## TASK DESCRIPTION
Print all the records exactly as they stand.

## DATA EXTRACTS
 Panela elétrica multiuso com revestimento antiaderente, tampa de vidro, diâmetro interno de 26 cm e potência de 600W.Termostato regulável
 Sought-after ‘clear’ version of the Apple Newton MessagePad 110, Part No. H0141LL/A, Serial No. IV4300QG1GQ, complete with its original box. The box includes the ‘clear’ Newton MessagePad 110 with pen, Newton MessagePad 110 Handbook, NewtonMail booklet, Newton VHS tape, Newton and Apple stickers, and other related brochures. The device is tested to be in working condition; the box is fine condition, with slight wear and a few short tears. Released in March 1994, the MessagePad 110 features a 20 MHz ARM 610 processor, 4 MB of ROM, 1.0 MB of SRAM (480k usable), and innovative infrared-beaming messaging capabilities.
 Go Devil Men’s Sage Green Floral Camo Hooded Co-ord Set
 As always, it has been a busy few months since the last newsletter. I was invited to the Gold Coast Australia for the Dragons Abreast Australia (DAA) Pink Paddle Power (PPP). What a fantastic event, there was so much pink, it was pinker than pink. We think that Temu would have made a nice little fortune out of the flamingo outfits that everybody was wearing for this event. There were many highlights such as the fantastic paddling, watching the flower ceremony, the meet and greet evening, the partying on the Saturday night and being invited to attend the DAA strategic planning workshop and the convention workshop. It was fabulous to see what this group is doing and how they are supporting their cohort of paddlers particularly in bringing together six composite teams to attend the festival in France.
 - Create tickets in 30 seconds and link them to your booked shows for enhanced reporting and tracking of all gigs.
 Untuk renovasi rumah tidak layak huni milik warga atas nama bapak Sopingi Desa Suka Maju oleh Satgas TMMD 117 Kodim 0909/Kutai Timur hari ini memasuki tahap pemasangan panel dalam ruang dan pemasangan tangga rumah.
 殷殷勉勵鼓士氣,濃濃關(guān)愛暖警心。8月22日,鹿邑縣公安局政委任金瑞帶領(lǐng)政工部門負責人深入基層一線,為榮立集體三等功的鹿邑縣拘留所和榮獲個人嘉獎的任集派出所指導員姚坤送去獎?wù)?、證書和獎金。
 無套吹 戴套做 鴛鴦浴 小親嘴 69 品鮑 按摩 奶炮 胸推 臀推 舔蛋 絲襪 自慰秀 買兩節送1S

## EXERCISE SOLUTION
 Panela elétrica multiuso com revestimento antiaderente, tampa de vidro, diâmetro interno de 26 cm e potência de 600W.Termostato regulável
 Sought-after ‘clear’ version of the Apple Newton MessagePad 110, Part No. H0141LL/A, Serial No. IV4300QG1GQ, complete with its original box. The box includes the ‘clear’ Newton MessagePad 110 with pen, Newton MessagePad 110 Handbook, NewtonMail booklet, Newton VHS tape, Newton and Apple stickers, and other related brochures. The device is tested to be in working condition; the box is fine condition, with slight wear and a few short tears. Released in March 1994, the MessagePad 110 features a 20 MHz ARM 610 processor, 4 MB of ROM, 1.0 MB of SRAM (480k usable), and innovative infrared-beaming messaging capabilities.
 Go Devil Men’s Sage Green Floral Camo Hooded Co-ord Set
 As always, it has been a busy few months since the last newsletter. I was invited to the Gold Coast Australia for the Dragons Abreast Australia (DAA) Pink Paddle Power (PPP). What a fantastic event, there was so much pink, it was pinker than pink. We think that Temu would have made a nice little fortune out of the flamingo outfits that everybody was wearing for this event. There were many highlights such as the fantastic paddling, watching the flower ceremony, the meet and greet evening, the partying on the Saturday night and being invited to attend the DAA strategic planning workshop and the convention workshop. It was fabulous to see what this group is doing and how they are supporting their cohort of paddlers particularly in bringing together six composite teams to attend the festival in France.
 - Create tickets in 30 seconds and link them to your booked shows for enhanced reporting and tracking of all gigs.
 Untuk renovasi rumah tidak layak huni milik warga atas nama bapak Sopingi Desa Suka Maju oleh Satgas TMMD 117 Kodim 0909/Kutai Timur hari ini memasuki tahap pemasangan panel dalam ruang dan pemasangan tangga rumah.
 殷殷勉勵鼓士氣,濃濃關(guān)愛暖警心。8月22日,鹿邑縣公安局政委任金瑞帶領(lǐng)政工部門負責人深入基層一線,為榮立集體三等功的鹿邑縣拘留所和榮獲個人嘉獎的任集派出所指導員姚坤送去獎?wù)?、證書和獎金。
 無套吹 戴套做 鴛鴦浴 小親嘴 69 品鮑 按摩 奶炮 胸推 臀推 舔蛋 絲襪 自慰秀 買兩節送1S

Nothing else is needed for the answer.